Rather than testing the model and its metrics, model testing, in this context, means treating the Score and/or Evaluate recipes as any other kind of data transformation and verifying that the output of such recipes matches what is expected.
Design test scenarios#
Scenarios offer three types of steps for testing various aspects of a Dataiku project:
Tip
You can review these three sections in any order depending on your needs.
Test a Flow#
Any change in a recipe can cause an unexpected change somewhere downstream in the Flow. To ensure that the Flow is still performing as expected before moving it to a production environment, Dataiku provides an integration test step in a scenario.
Craft test datasets#
Ideally, this kind of testing requires crafting reference datasets that cover as many relevant processing cases as possible. This can be a time consuming process, but it ensures the relevance of the result. Without such reference datasets, having test scenarios may provide a false sense of security.

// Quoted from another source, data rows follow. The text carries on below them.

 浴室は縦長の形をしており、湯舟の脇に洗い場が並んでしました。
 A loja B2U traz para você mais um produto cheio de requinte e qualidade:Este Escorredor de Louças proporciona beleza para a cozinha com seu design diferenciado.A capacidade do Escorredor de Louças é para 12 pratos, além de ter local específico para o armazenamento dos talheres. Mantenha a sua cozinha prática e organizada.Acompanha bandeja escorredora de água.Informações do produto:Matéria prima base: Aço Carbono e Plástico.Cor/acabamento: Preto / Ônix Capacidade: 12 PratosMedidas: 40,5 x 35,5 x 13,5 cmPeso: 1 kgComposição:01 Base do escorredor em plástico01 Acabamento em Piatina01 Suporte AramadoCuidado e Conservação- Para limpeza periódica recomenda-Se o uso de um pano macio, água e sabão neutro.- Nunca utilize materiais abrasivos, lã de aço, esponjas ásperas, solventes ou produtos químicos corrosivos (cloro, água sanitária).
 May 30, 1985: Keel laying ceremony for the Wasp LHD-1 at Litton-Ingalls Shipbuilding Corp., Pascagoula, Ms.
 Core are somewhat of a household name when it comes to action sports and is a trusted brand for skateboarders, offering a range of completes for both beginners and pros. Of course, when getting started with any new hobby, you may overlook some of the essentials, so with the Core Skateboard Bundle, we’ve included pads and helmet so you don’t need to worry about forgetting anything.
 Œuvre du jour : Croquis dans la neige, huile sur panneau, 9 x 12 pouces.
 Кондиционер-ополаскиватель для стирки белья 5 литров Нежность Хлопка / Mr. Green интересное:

Navigate to the Flow to inspect the datasets in the Test reference inputs & outputs Flow zone.
Observe the relationship between the following Flow datasets and their test references:
Flow dataset |
Test reference |
---|---|
unlabelled_customers |
test_input_unlabelled_customers |
revenue_loss |
test_reference_revenue_loss |
Important
In this case, we have taken small samples as reference datasets. This may be a good way to get started. However, as you progress, the best practice is to specifically craft these datasets.
Create a test scenario#
The project already includes a scenario that we can use for a Flow integration test. However, it hasn’t yet been designated as a test scenario, and so won’t appear in the project’s test dashboard (which we’ll see later). Let’s do that now.

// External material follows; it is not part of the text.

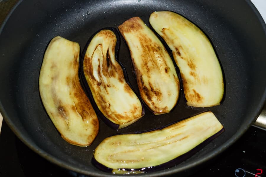 Ожидаемо быстрее готовились кусочки или их часть, которые были расположены над зоной нагрева. Жарили на седьмом уровне мощности — этого оказалось достаточно, чтобы ломтики не подгорали. Для того, чтобы обжарка была более равномерной, перемещали кусочки по площади сковороды.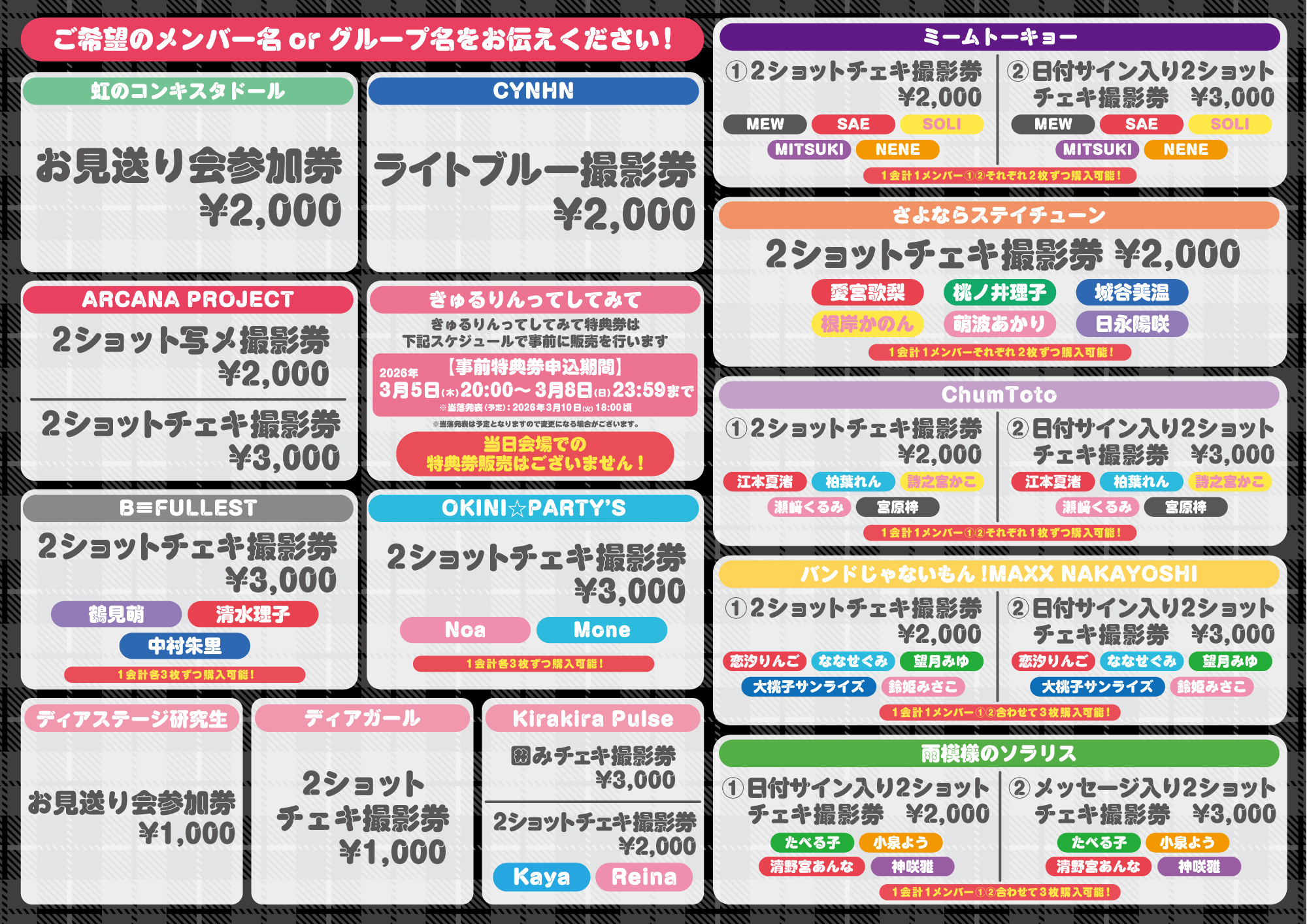 雨模様のソラリス/ARCANA PROJECT/OKINI☆PARTY'S/きゅるりんってしてみて/さよならステイチューン/CYNHN/ChumToto/虹のコンキスタドール/バンドじゃないもん!MAXX NAKAYOSHI/B≡FULLEST/ミームトーキョー

From the Jobs () menu of the top navigation bar, select Scenarios.
Open the scenario
Flow Test
.On the Settings tab of the new scenario, check the box Mark as a test scenario.
Navigate to the Steps tab.
Configure the integration test step#
The integration test step has three key parts to understand:
To be configured |
Purpose |
---|---|
Reference input(s) |
The crafted test dataset(s) that will be used instead of the current input in the Flow. |
Build action(s) |
The Dataiku item(s) in the Flow that the scenario will build (as in an ordinary scenario). |
Reference output(s) |
Output dataset(s) to validate the results. Using the new reference input, the scenario will run the requested build, creating a new output dataset. It will then check if this new output matches the reference output. |
To see this in action, let’s choose an input dataset at the start of the pipeline and an output dataset at the end.

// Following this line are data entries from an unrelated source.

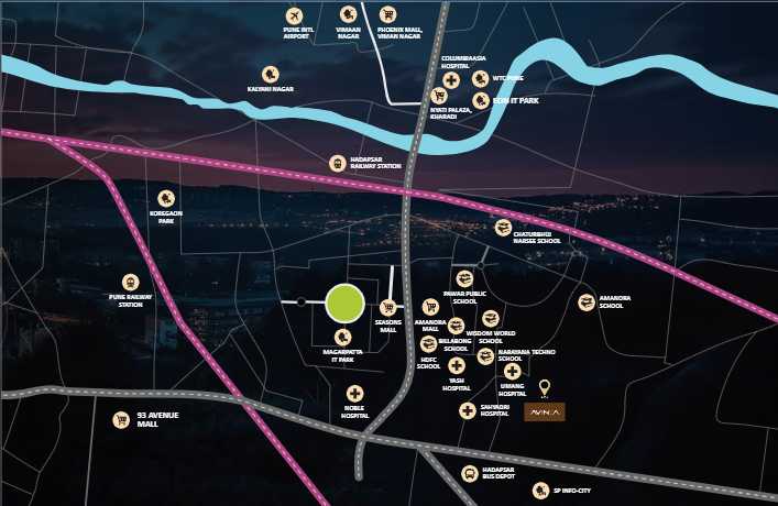 Situated near Magarpatta. Vyom Sigma Avinea is at a perfect balancing point. A point that surrounds you with swathes of calming vistas for as far as your gaze can wander. However, if you were to turn on your Google Maps, you'll be surprised to see prominent work hubs as well as established hubs of education, retail and healthcare within minutes of your home. Welcome to a world where your views change dramatically but not your everyday lifestyle.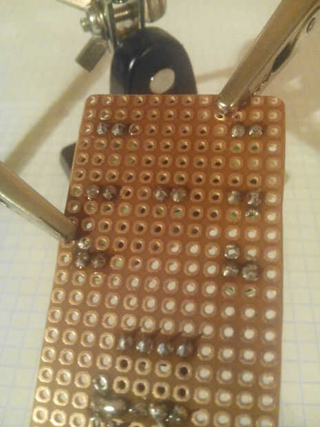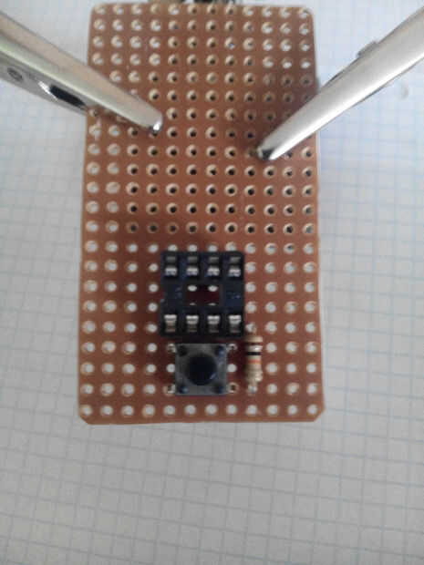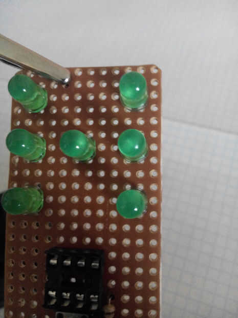Material, s para mini led dadosHerramientas1 soldador2 alambre de soldadura3 cortador del tablero veroPiezas que necesita1. 8 pines toma ic2. 7 led, s3. pic12f629a4. 10 k ohmios (1)5. altavoz6. batería de lipo 3,7 voltios7. vero board8. los cables9.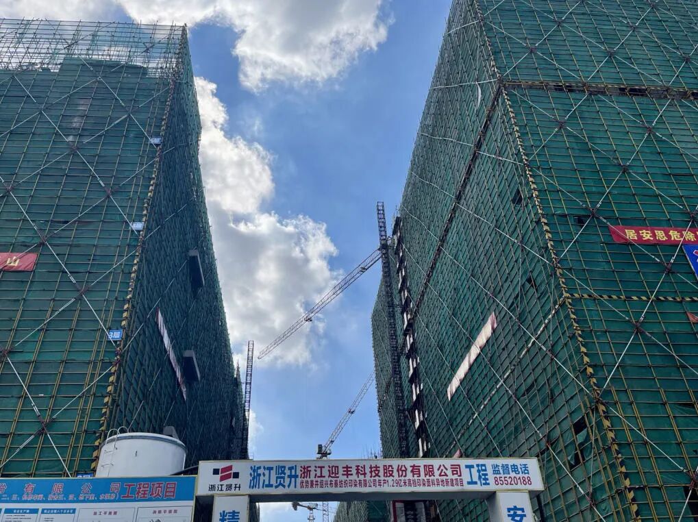 浙江迎丰科技股份有限公司优势兼并绍兴布泰纺织印染有限公司产1.29亿米高档印染面料异地新建项目,位于柯桥滨海工业园区,项目于2024年2月开工建设,用地面积115亩,建筑面积23.43万平方米,计划总投资10亿元,目前主体厂房已经结顶,预计在明年一季度陆续投产运行。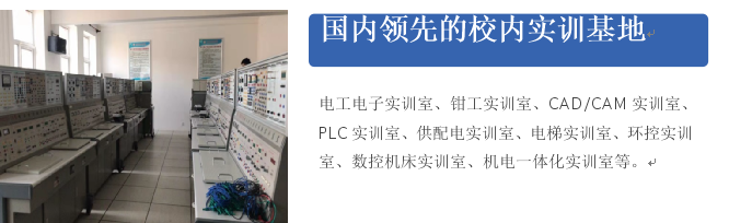 电工电子实训室、钳工实训室、CAD/CAM实训室、PLC实训室、供配电实训室、电梯实训室、环控实训室、数控机床实训室、机电一体化实训室等。

Click Add Step > Run integration test.
Under Reference inputs, click + Add Remapping.
For the current input, select unlabeled_customers.
For the reference input, select test_input_unlabelled_customers.
Under Builds, click + Add Item.
Select the dataset revenue_loss.
Click Add Item.
Under Results validation, click + Add Remapping.
For the current output, select revenue_loss.
For the reference output, select the dataset test_reference_revenue_loss.
Click Save, but don’t yet run it.
Tip
In this case, we’ve chosen to perform a content comparison across all columns. Depending on the nature of the tests, and therefore the shape of the corresponding reference datasets, you may only want to test a selection of columns.
Run the integration test scenario#
Before running the scenario, let’s introduce an arbitrary Flow change to show how the test would detect it.
Go to the Flow (
g
+f
).Open the Prepare recipe that outputs the revenue_loss dataset.
Make and save a change to the Formula step to create an output that the reference dataset won’t account for, such as:
prediction * ( Total_Charge - (proba_1 * Total_Charge))
Return to the Flow Test scenario, and click Run.
Go to the Last runs tab, and see the failure.
Click View step log to see the reported problem.
Let’s review the scenario’s activities in detail:
The scenario swapped an upstream input (unlabeled_customers) with a new test input (test_input_unlabelled_customers).
It built an output (revenue_loss) using the new test input.
It compared the new output (revenue_loss) to the provided reference output (test_reference_revenue_loss).
Due to the change in the Prepare recipe, this comparison failed.
Tip
Feel free to fix the cause of the failing test scenario and confirm it succeeds. Note though that having at least one failing test scenario will be useful before moving to the deployment stage of the tutorial.
Test a Python library#
Python users will be familiar with the pytest testing framework. You can use the same framework for unit tests in Dataiku.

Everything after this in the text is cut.